Configure Carbon Black
VMware Carbon Black combines next-gen antivirus with endpoint detection and response (EDR) to create a holistic endpoint protection solution against cyberattacks. This comprehensive technology is available to businesses through its VMware Carbon Black Cloud Endpoint Standard product. The platform allows businesses to manage any number of endpoints through a single interface and software agent, providing endpoint security at scale.
Prerequisites
- Carbon Black account login credentials.
- Carbon Black Cloud API access.
Generate Authentication Secret Keys
Create an Access Level
- Navigate to https://defense.conferdeploy.net/ and log in to the Carbon Black Cloud portal.
- In the left-hand panel, expand the Settings header, and then click API Access.

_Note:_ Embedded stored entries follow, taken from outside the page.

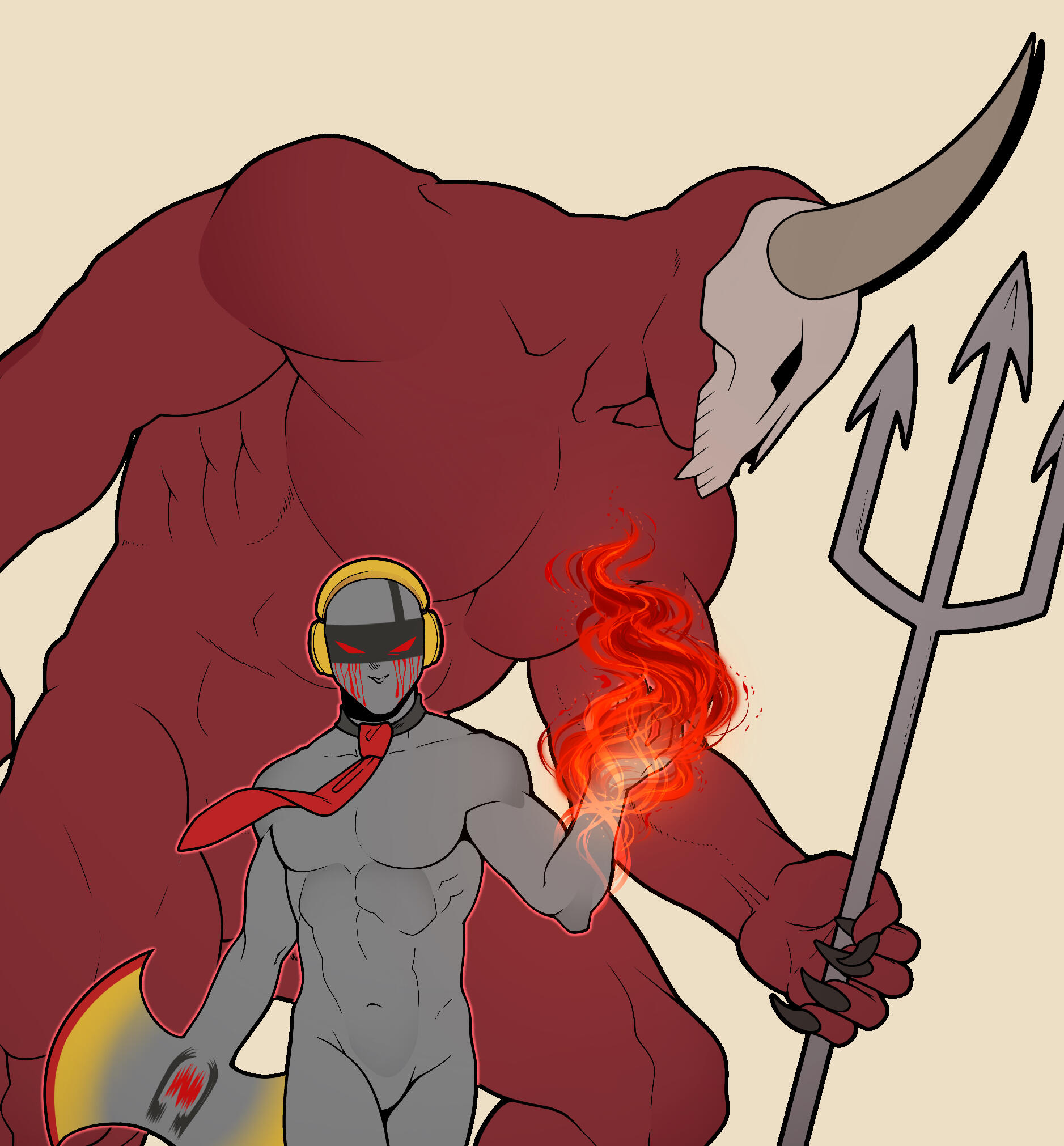 Tim is mysterious and often very soft-spoken; he barely speaks. A tall and imposing Greater Demon that seems to follow Deaf everywhere. To the uninitiated in the realms of hell, that’s all it appears to be. However, Tim and Deaf hold a complex relationship; Tim is the Auditor of Deaf's entire business venture, making sure he does not cross any lines he shouldn’t be crossing, making sure Deaf stays in good graces with those running the underworld. However, behind closed doors, Deaf and Tim are the best of friends, and one could say they are brothers.
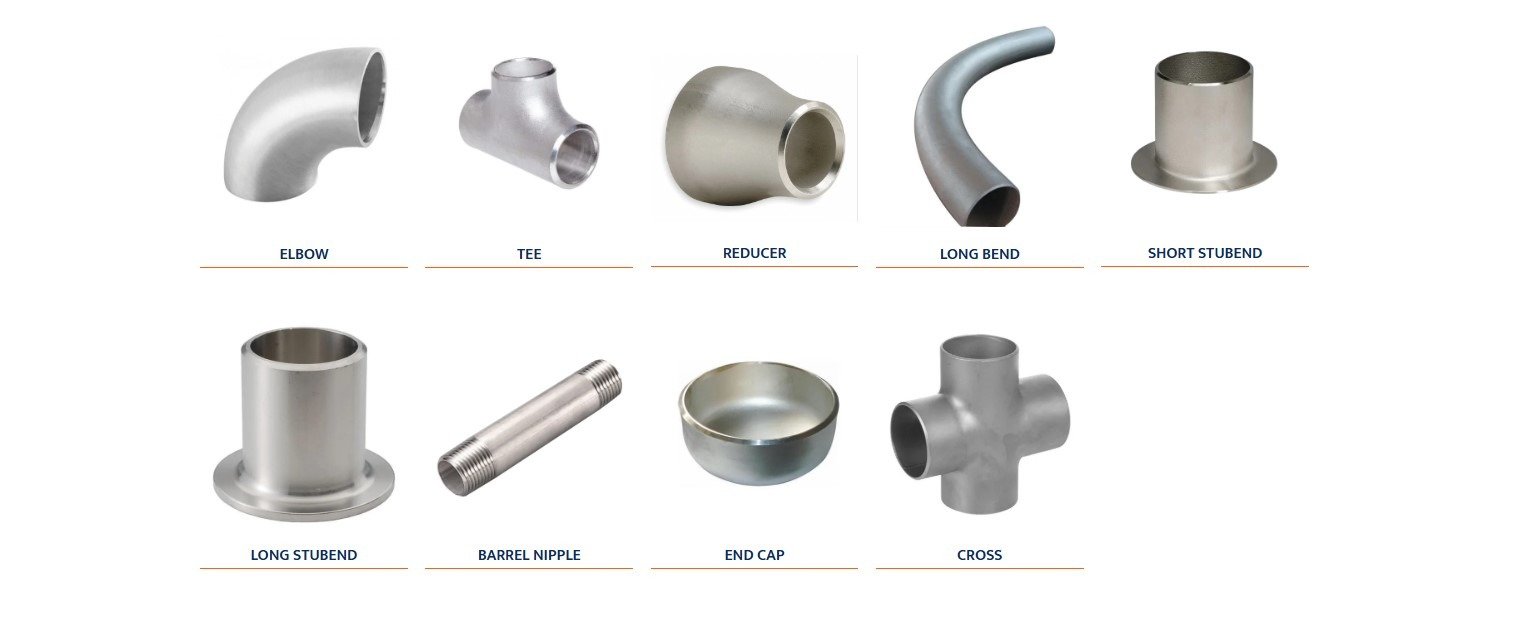 Form Seamless & Welded: – Long Radius & Short Radius Elbow 90° – Long Radius Elbow 45° – Long Radius & Short Radius Elbow 180° (Return Bend) – Reducing Elbow – Equal Tee – Un Equal Tee – Crosses – Concentric Reducer – Eccentric Reducer – Long Stubend – Short Stubend – Coller – Pipe Cap – Long Radius Bends (R = 3D, 5D, 6D, 8D, 10D, 20D) in 15°, 30°, 60°, 90° – Drawing Based Customised Butt Weld Fittings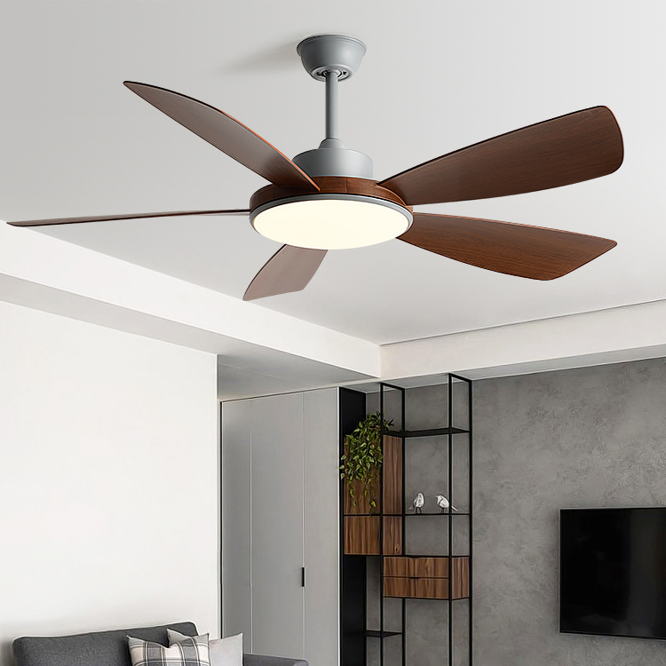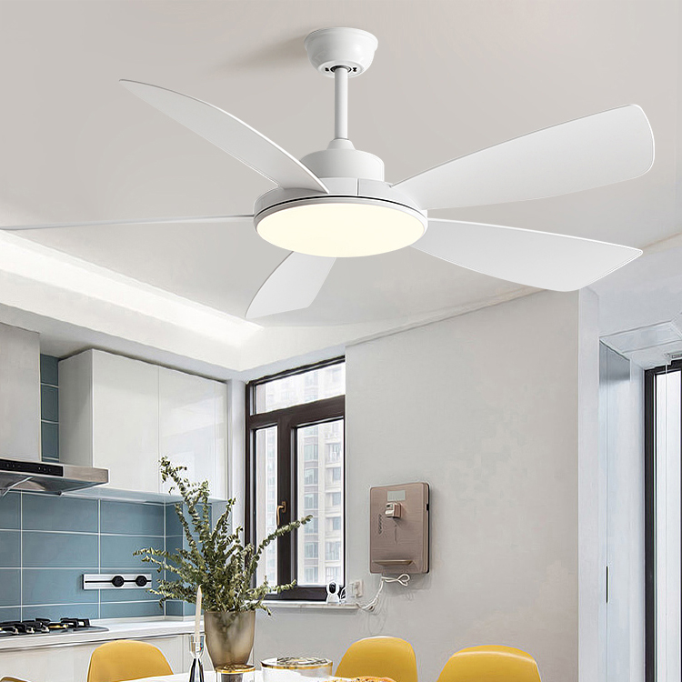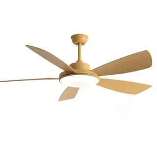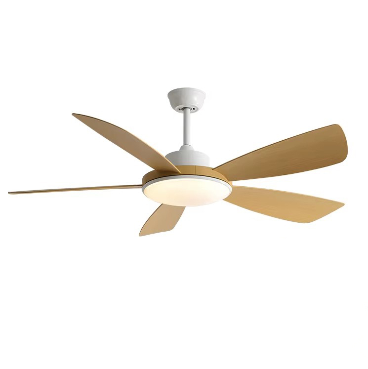 Потолочный вентилятор с LED-светильником и аэродинамичными лопастями Современный потолочный вентилятор с пятью изящно изогнутыми лопастями обеспечивает мощный, но тихий поток воздуха, идеально подходящий для жилых и коммерческих интерьеров. Встроенный LED-светильник даёт мягкое и равномерное освещение, а удобное управление (пульт ДУ или настенный переключатель — зависит от комплектации) делает использование максимально комфортным.

- Click the Access Levels tab.
- Click the Add Access Level button.
- Enter a unique Name and Description for this access level.
- Check the box in the Read column for the Alerts - General Information - org.alerts row.
- Click Save.
The access level is added to the list.
Generate an API Key
After creating the Access Level, while still on the API Access page:
- Click the API Keys tab.
- Click the Add API Key button.
- Enter a unique Name for the API key and, optionally, a Description.
- Open the Access Level type drop-list and select Custom.
- Open the Custom Access Level drop-list and select the access level created above.
- Click Save.
The API key is created and the API ID and API Secret Key appear.
Copy the API ID and API Secret Key values into a text document.
These values are not accessible once the window is closed. Be sure to copy them now for later use.
- Close the API Credentials pop-up.
On the API Access window, copy the Org Key into the same text document as the API ID and API Secret Key.
The combination of the API ID, API Secret Key, and Org Key is used to configure Axon to read Alert log data from the Carbon Black Cloud Console.